Раневская решает заступиться:

– Зато самостоятельно!

* * *

После очередной стычки на сцене во время репетиции одна из «сочувствующих» успокаивает:

– Фаина Георгиевна, не нервничайте. Нервные клетки не восстанавливаются.

Раневская фыркает:

– Это ваши не восстанавливаются, а мои так очень даже. А потом еще и мстят тем, кто их погубил! И это стоило бы учитывать некоторым несознательным режиссерам и актерам.

* * *

Услышав в чьем-то выступлении, что этот чиновник от культуры быстро поднялся по карьерной лестнице на самый верх в министерстве:

– Он не поднялся, он всплыл… Такие всегда всплывают.

* * *

На репетициях с ней иногда бывало невыносимо сложно. Полностью выкладываясь сама, она требовала этого же и от окружающих, даже от новичков, и, имея привычку не сдерживать эмоции, нередко оскорбляла тех, с кем работала. Кто-то привык и не обращал внимания, кто-то просто молчал, не желая ввязываться или испытывая трепет перед властной актрисой, но были и те, кто обижался, и вполне справедливо.

После одного из таких выпадов Завадский требует:

– Немедленно принесите извинения!

Раневская, еще не остыв от возмущения, фыркает:

– Примите мои оскорбления…

Не заметив, что оговорилась, демонстративно удаляется со сцены.

* * *

– Как прошел спектакль?

– На «ура!».

– Неужели? – сомневается приятельница, зная, что спектакль не очень удачный.
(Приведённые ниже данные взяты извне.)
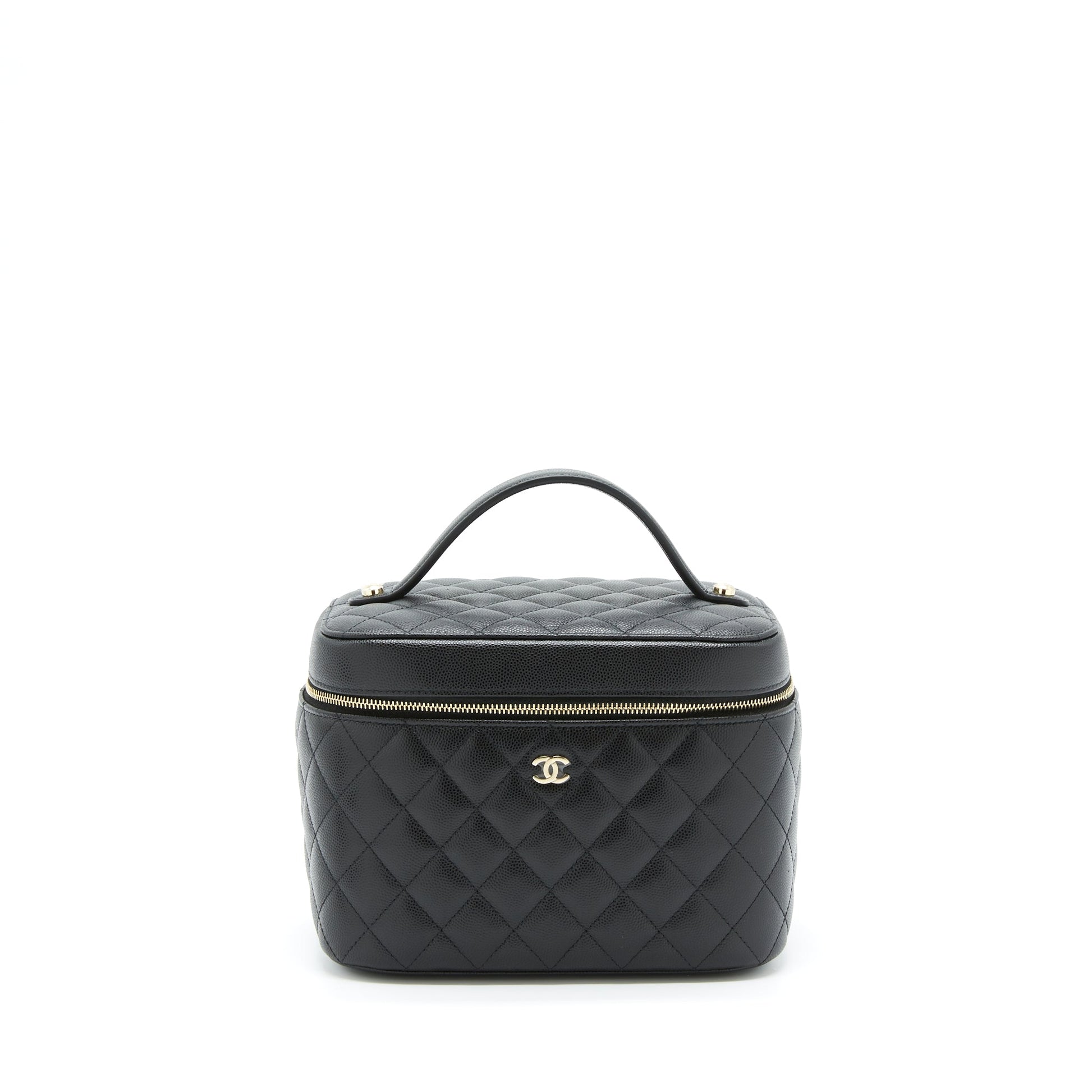Chanel top handle vanity case caviar black with LGHW
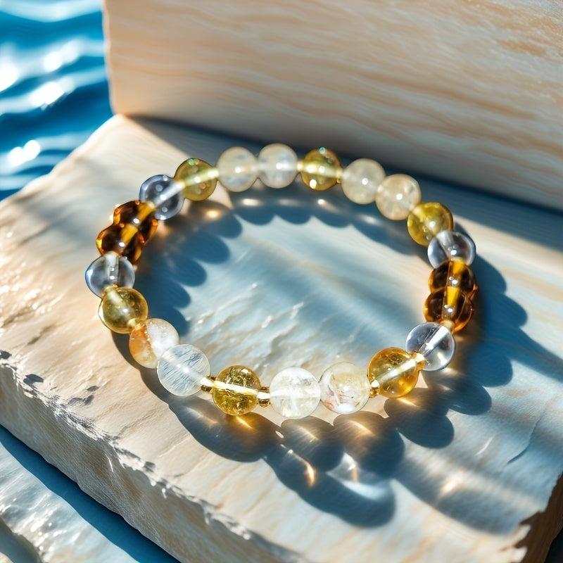 Enhance your style with this golden stone beaded bracelet, ideal for daily wear or gifting. Symbolizes wealth and prosperity, perfect for an Independence Charm Bracelet.

– Зрители кричали: «Ура!», когда все закончилось.

– Фаина Георгиевна, о чем задумались?

– У меня закралось подозрение, что нынешние актеры во фразе «души прекрасные порывы» полагают, что «души» – это глагол.

* * *

Начинающему актеру, который на сцене просто невыносим:

– Если не можете играть сами, не мешайте делать это другим! Лучше уйдите, мы ваши реплики между собой распределим.

* * *

О невыносимом режиссере:

– Нет, он не последняя сволочь, за ним целая очередь.

* * *

О новом актере:

– У него на лице написана острая интеллектуальная недостаточность…

* * *

– Известные народные артисты – это те, кого любят и власть, и народ.

– А неизвестные, Фаина Георгиевна?

– Есть две категории. Те, кому дали звание на юбилей, чтобы отвязаться, и те, кому звания вообще не дали, но народ их любит.

* * *

– Бездарности как сорняки – такие же наглые, крепкие и частые. И так же заслоняют солнце талантам.

* * *

Услышав о неудачном спектакле известного режиссера:

– С опытом даже провалы получаются качественней.

* * *

О режиссере:

– Он всегда хвалит себя вслух, а других молча…

* * *

Марецкая философствует:

– С годами приходят мудрость и опыт…

Раневская театрально вздыхает в ответ:

– Только многих не бывает дома…

* * *

Прислушиваясь к зрительному залу:

– Жидкие аплодисменты подобны поносу – одно расстройство, и жаловаться неприлично…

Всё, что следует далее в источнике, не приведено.